1948 yılında yahudiler, yaklaşık 1000 yıl önce sahip oldukları topraklarda eski krallıklarının yerinde devletlerini kurdular.
bugün iran'ın eski pers imparatorluğuna ulaşmak isteyip de ulaşamadığını yahudiler yaptı
bugün misak-ı milli sınırlarına hala ulaşamamış türkiye'nin hakkı olan musul'da kerkük'te elde edemediği hakkı elde ettiler
bugün eski bizans sınırlarına ulaşmak isteyen yunanların götlerinin yemediğini yaptılar.
haa buranın da savaş alanı olmasının sebebi ise amerikan ve ingiliz bok yemesidir, sen gidip elin arabına siktirin gidin "almanya'dan oğlum geldi" dersen onlar da çıngar çıkarır.
ne oldu bunun sonucunda güçlü olan israil'di israil ezdi arapları.
güçlü olan araplar olsaydı araplar ezerdi.
aslında araplar demek yanlış olur, arapların ne pislik bir ırk olduğunu hepimiz biliyoruz aslında bugün filistin yalnızsa arapların sırt çevirmesindendir.
niye mısır gazze sınır kapısını ancak dün açtı?
niye arap birliği sadece lafta kalıyor? hiç düşündünüz mü bunlar?.
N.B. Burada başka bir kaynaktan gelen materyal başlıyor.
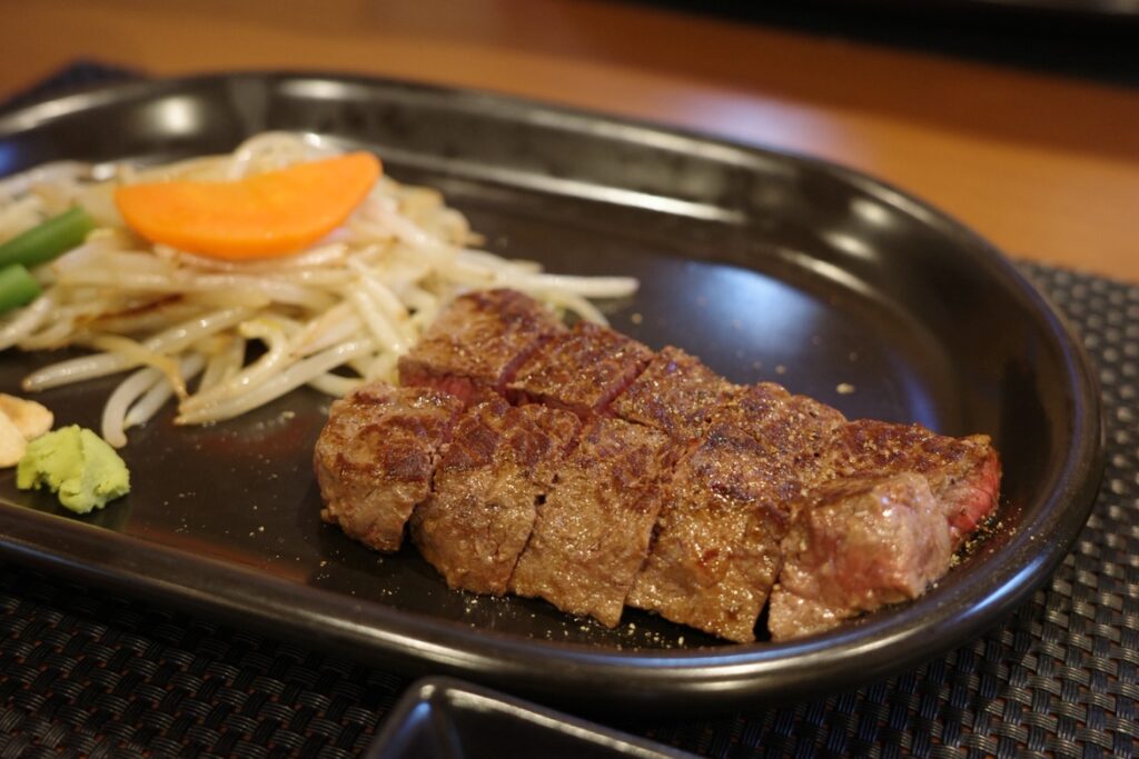 せんだステーキ120g、上品な油で焼き加減も完璧、ソースとの相性も抜群でした!
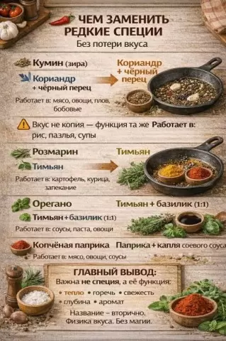 Создать насыщенный вкус блюд можно, используя более доступные специи. Главное — сохранить характерные нотки и функции оригинальных ингредиентов.
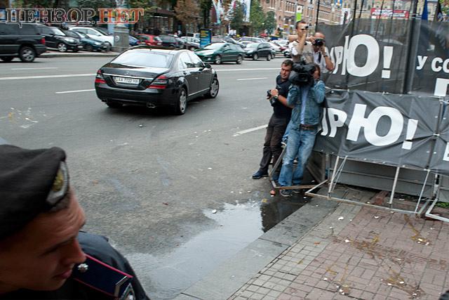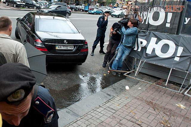 Охрана закрывала машину зонтом, но яйца летели с разных сторон.
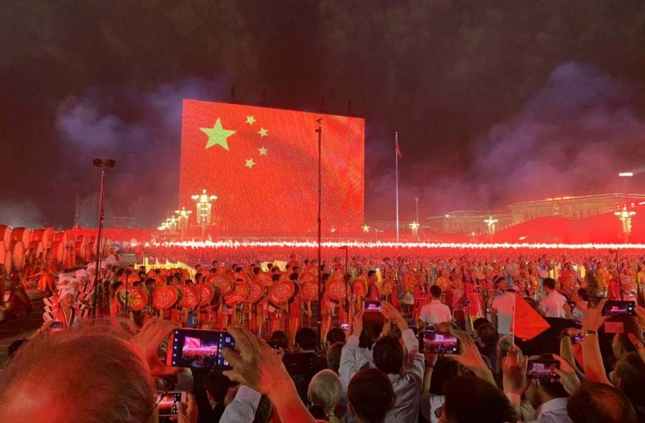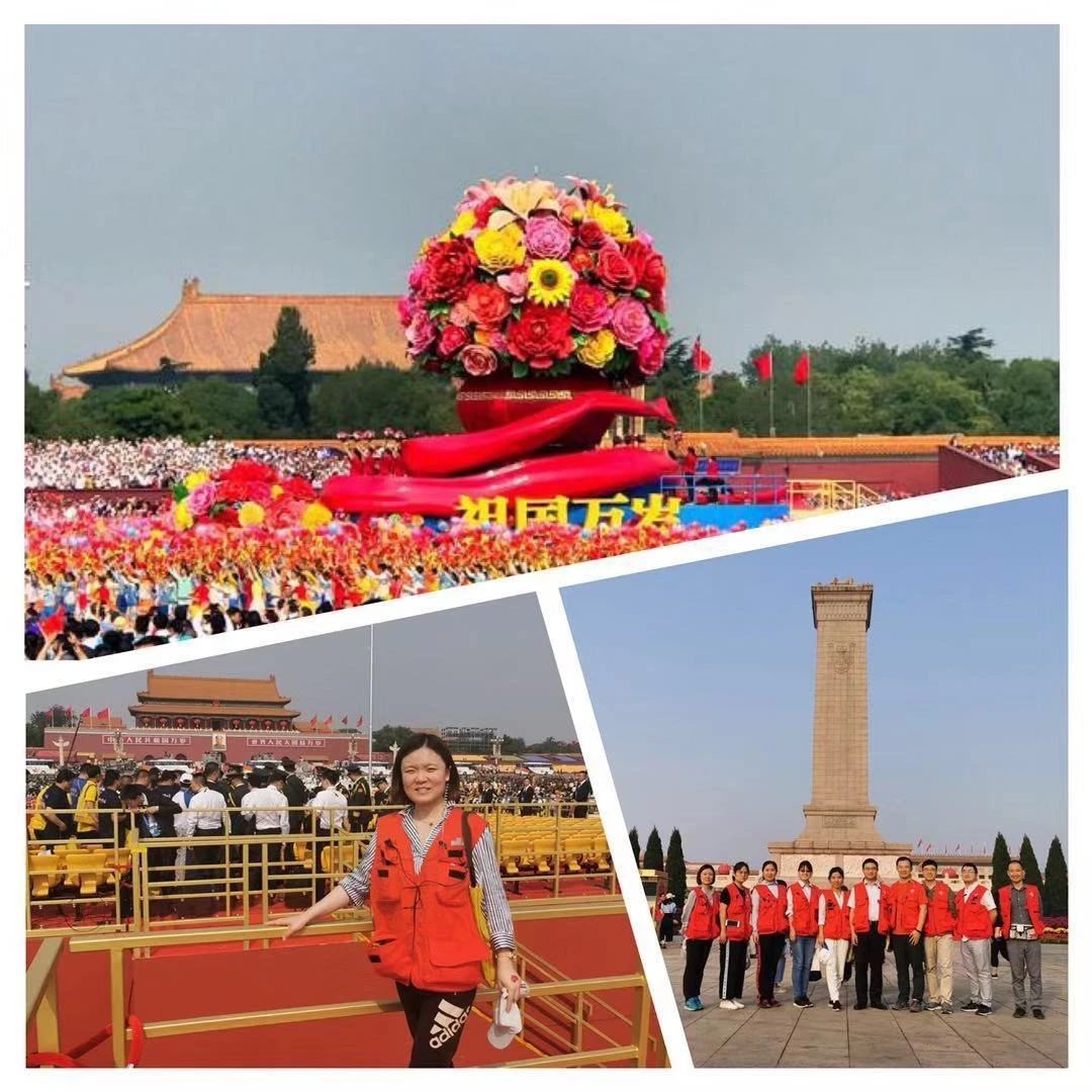 武向兰护士长的儿子作为大学生代表,在天安门广场进行游行表演,“今天是我值班,看到儿子所在的建国伟业方阵,自信满满,昂首阔步,我激动的拿起小国旗给儿子加油,祖国如此强盛,自豪感油然而生,相信走在天安门广场上的孩子们,会有同样的心情,会更加热爱我们的祖国,更加奋发图强。集训和排练暑假就开始了,晒的黑黑的,基本放弃了周末休息,彩排的时候都是凌晨出发,集结地待命,困了就真的躺在地上睡觉,见过满天星光和晨曦初露的长安街,这些00后的孩子,大部分是独生子,都没有怨言,接到命令就立即投入状态,兴奋地准备,一丝不苟的执行。昨天送他去学校,听他讲述着彩排中的辛苦与欢乐,体会着他的荣誉感、幸福感,我想这段时光将会是他们珍藏一生的宝贵记忆。”
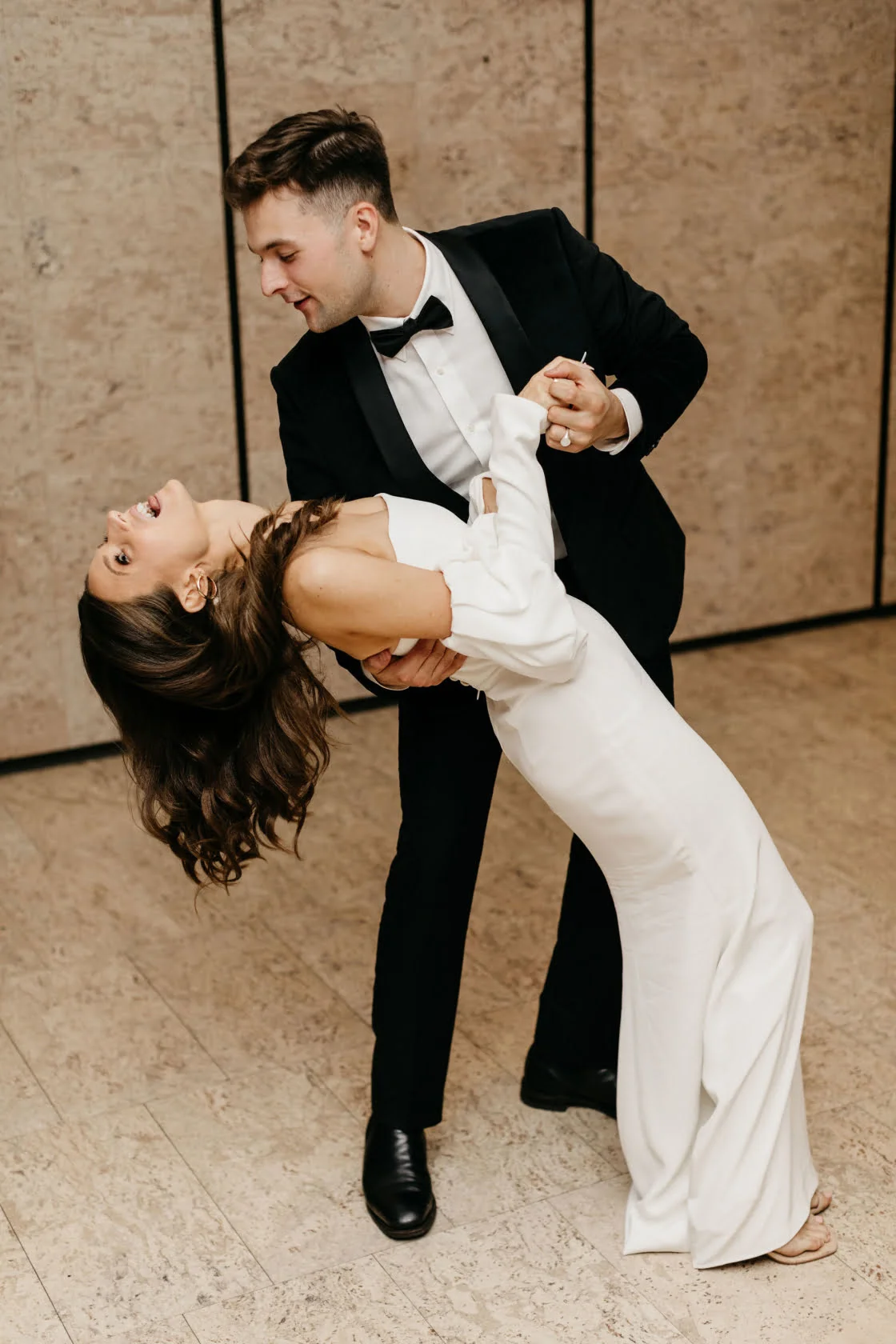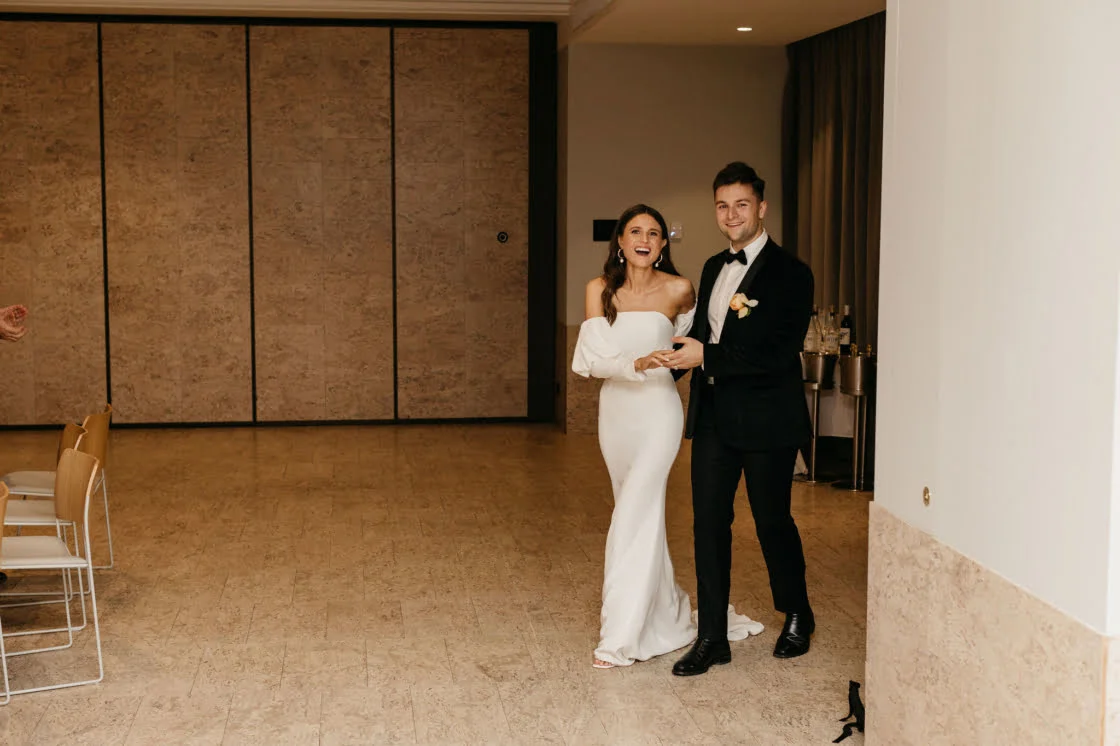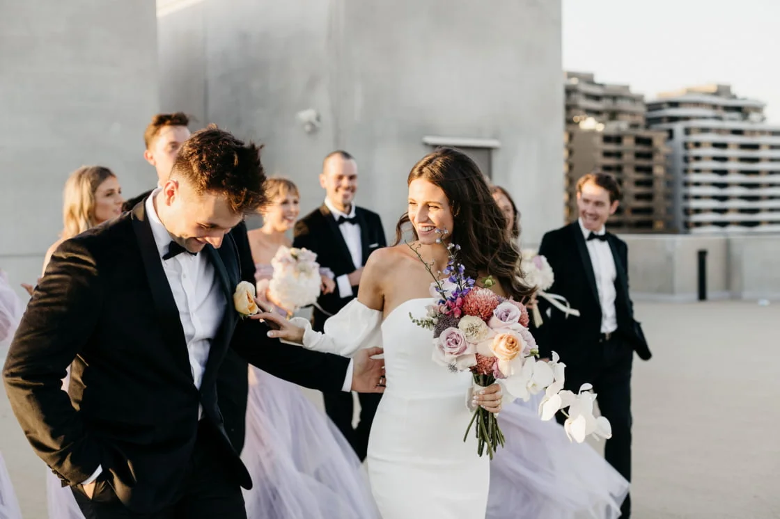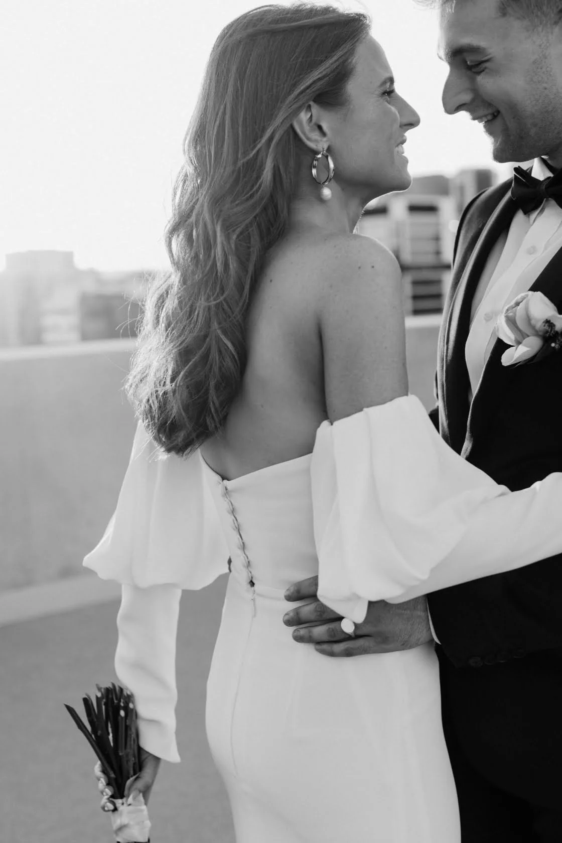 These two got married twice. They eloped during COVID (“it turned into a viral Tik Tok reaching 500k views, then got picked up by Daily Mail Australia and the rest of the world,” says the bride) but the one we are bringing you today is this urban delight, six months later. The stunning Prea James Bridal gown was bought from one of our go-to QLD bridal boutiques, Sphere Bridal Gallery and the pics are by the talented photographer/ videographer Milk and Honey Creative. Scroll down for more…

ben size söylim arkalarında iran gibi bir tehdit varken israil daha çok ezer filistin'i.
orta doğudaki araplar israil'e savaş başlatsa iran ortadoğu'nun amına koyar.
iran koymazsa israil koyar.
ikisi de koyamazsa amerika hadi birbirinizi yiyorsunuz buraları ben kontrol ediyorum der.
sonuç olarak bizim kuklamız, iran'ın gazına gelip laf söyler sadece.
hee yanlış anlaşılmasın israil'i savunmuyorum burada onlar da aynı bokun laciverti.